WHAT NEEDS TO BE DONE — Using the listing below, give again exactly the lines from the line with "Aceste documente OBLIGATORII" to the line with "Heat this mixture", inclusive, without the pictures.
● ● ● ● ● ● ●
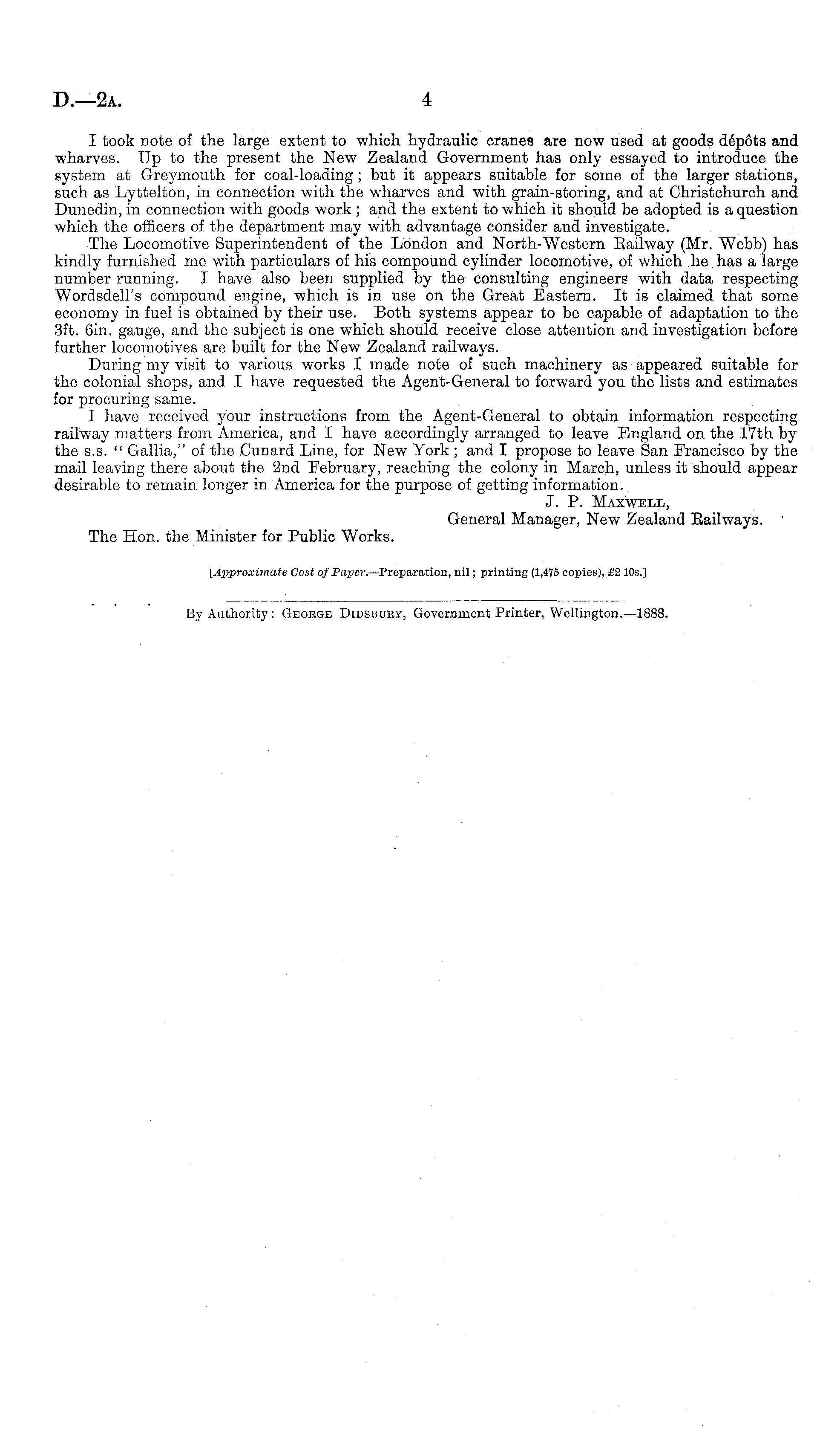 I took note of the large extent to which hydraulic cranes are now used at goods depots and wharves. Up to the present the New Zealand Government has only essayed to introduce the system at Greymouth for coal-loading ; but it appears suitable for some of the larger stations, such as Lyttelton, in connection with the wharves and with grain-storing, and at Christchurch and Dunedin, in connection with goods work ; and the extent to which it should be adopted is a question which the officers of the department may with advantage consider and investigate. The Locomotive Superintendent of the London and North-Western Eailway (Mr. Webb) has kindly furnished me with particulars of his compound cylinder locomotive, of which he has a large number running. I have also been supplied by the consulting engineers with data respecting Wordsdell's compound engine, which is in use on the Great Eastern. It is claimed that some economy in fuel is obtained by their use. Both systems appear to be capable of adaptation to the 3ft. 6in. gauge, and the subject is one which should receive close attention and investigation before further locomotives are built for the New Zealand railways. During my visit to various works I made note of such machinery as appeared suitable for the colonial shops, and I have requested the Agent-General to forward you the lists and estimates for procuring same. I have received your instructions from the Agent-General to obtain information respecting railway matters from America, and I have accordingly arranged to leave England on the 17th by the s.s. " Gallia," of the .Cunard Line, for New York ; and I propose to leave San Francisco by the mail leaving there about the 2nd February, reaching the colony in March, unless it should appear desirable to remain longer in America for the purpose of getting information. J. P. Maxwell, General Manager, New Zealand Railways. The Hon. the Minister for Public Works. [Approximate Cost of Paper.— Preparation, nil; printing (1,475 copies), £2 10sj
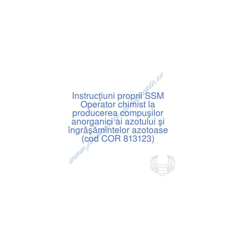 Aceste documente OBLIGATORII pentru ocupantul postului de Operator chimist la producerea compuşilor anorganici ai azotului şi îngrăşămintelor azotoase (cod COR 813123), sunt complet întocmite, respectând cerințele Codului muncii actualizat 2023, Legii securității și sănătății în muncă nr. 319/2006 (actualizată 2023), H.G. 1425/2006 (actualizată 2023) și răspund tuturor cerințelor standardelor de calitate referitoare la management (ISO 9001/ ISO 14001/ ISO 22000/ SR OHSAS 18001:2008/ ISO 45001:2018 etc.). Cuprinsul IPSSM pentru instruirea angajatului pe funcția de Operator chimist la producerea compuşilor anorganici ai azotului şi îngrăşămintelor azotoase :
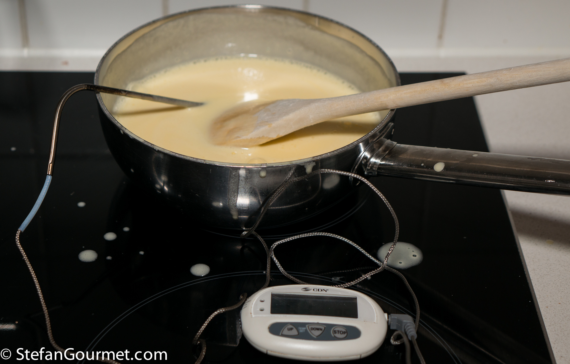 Heat this mixture in a saucepan, stirring constantly, until it reaches a temperature of 85C/185F. You have now made crème anglaise.
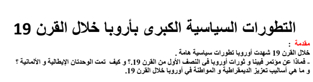 دروس مادة التاريخ أولى باكالوريا شعبة اداب وعلوم انسانية التطورات السياسية الكبرى بأوربا خلال القرن 19 Pour Télécharger لتحميل الملف
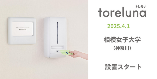 株式会社ネクイノ(大阪市北区、代表:石井 健一)は、トイレの個室で生理用ナプキンを常備し無料で提供するサービス「toreluna(トレルナ)」(以下 トレルナ)を、4月1日より相模女子大学(神奈川県相模原市)へ10台設置し、サービスの提供を開始いたしました。なお、本サービスの女子大学への本導入は、全国で初めての取り組みとなります。
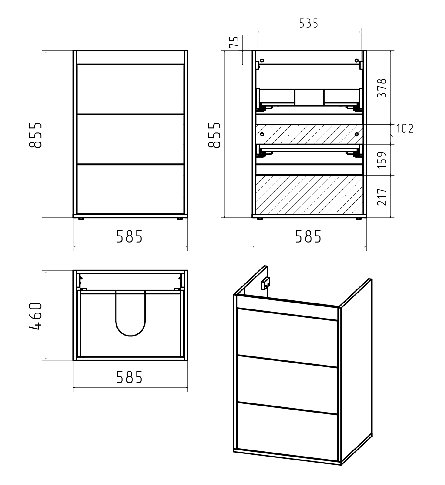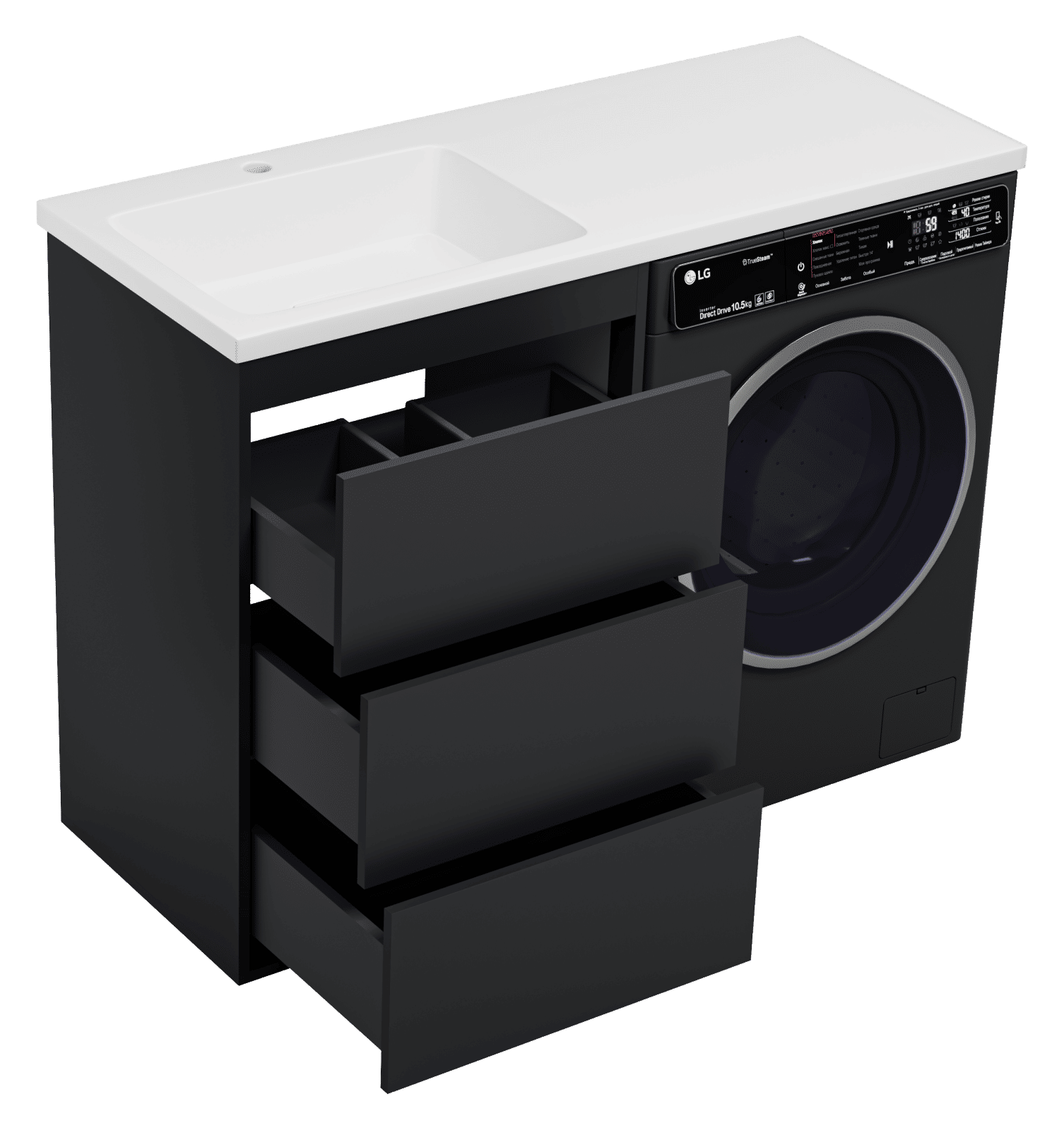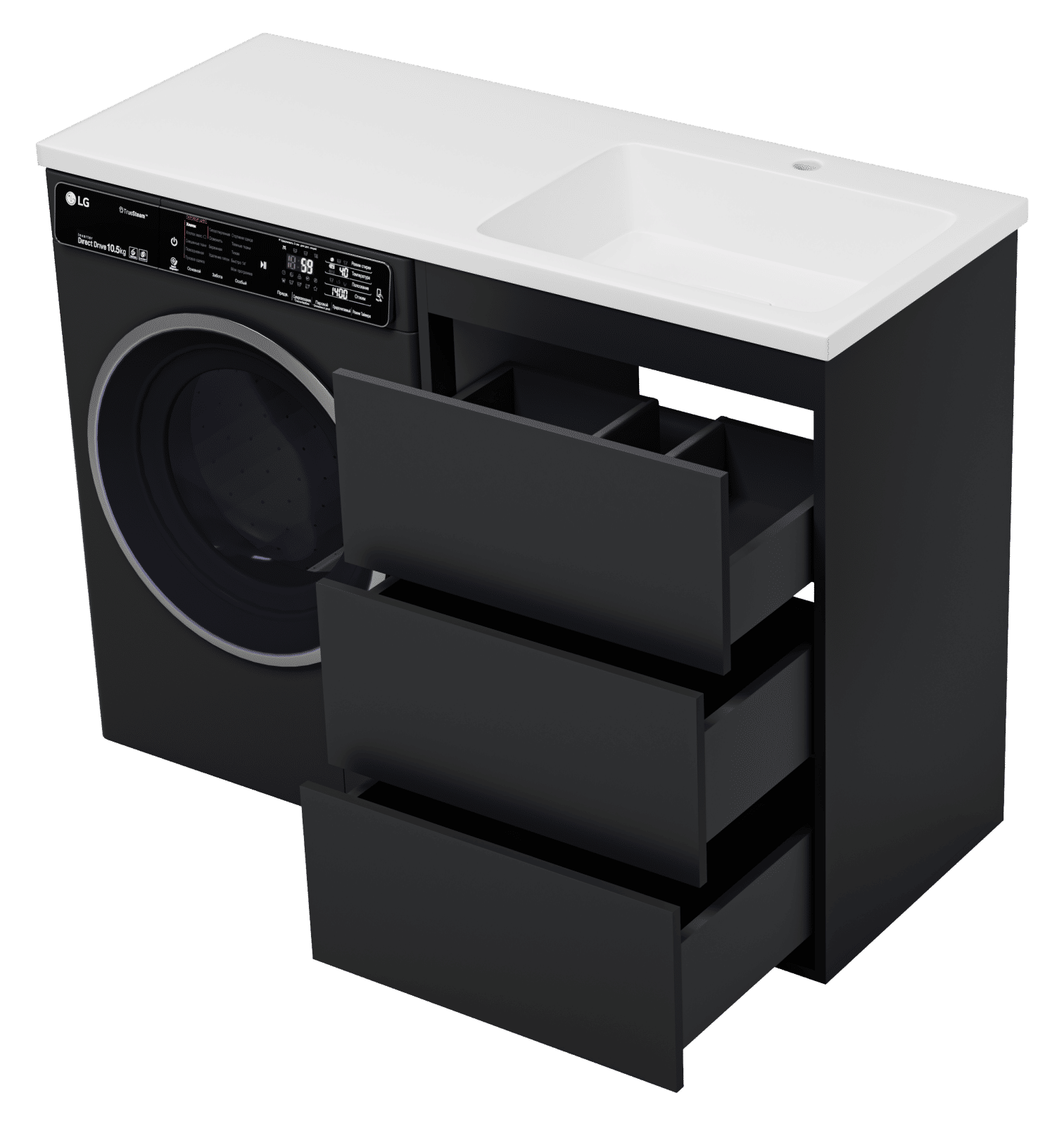 Тумба под раковину Brevita Grafit 60 напольная 3 ящ. под стиральную машину / GRA-01060-013Я графит
● ● ● ● ● ● ●
WRITTEN REPLY —
 Aceste documente OBLIGATORII pentru ocupantul postului de Operator chimist la producerea compuşilor anorganici ai azotului şi îngrăşămintelor azotoase (cod COR 813123), sunt complet întocmite, respectând cerințele Codului muncii actualizat 2023, Legii securității și sănătății în muncă nr. 319/2006 (actualizată 2023), H.G. 1425/2006 (actualizată 2023) și răspund tuturor cerințelor standardelor de calitate referitoare la management (ISO 9001/ ISO 14001/ ISO 22000/ SR OHSAS 18001:2008/ ISO 45001:2018 etc.). Cuprinsul IPSSM pentru instruirea angajatului pe funcția de Operator chimist la producerea compuşilor anorganici ai azotului şi îngrăşămintelor azotoase :
 Heat this mixture in a saucepan, stirring constantly, until it reaches a temperature of 85C/185F. You have now made crème anglaise.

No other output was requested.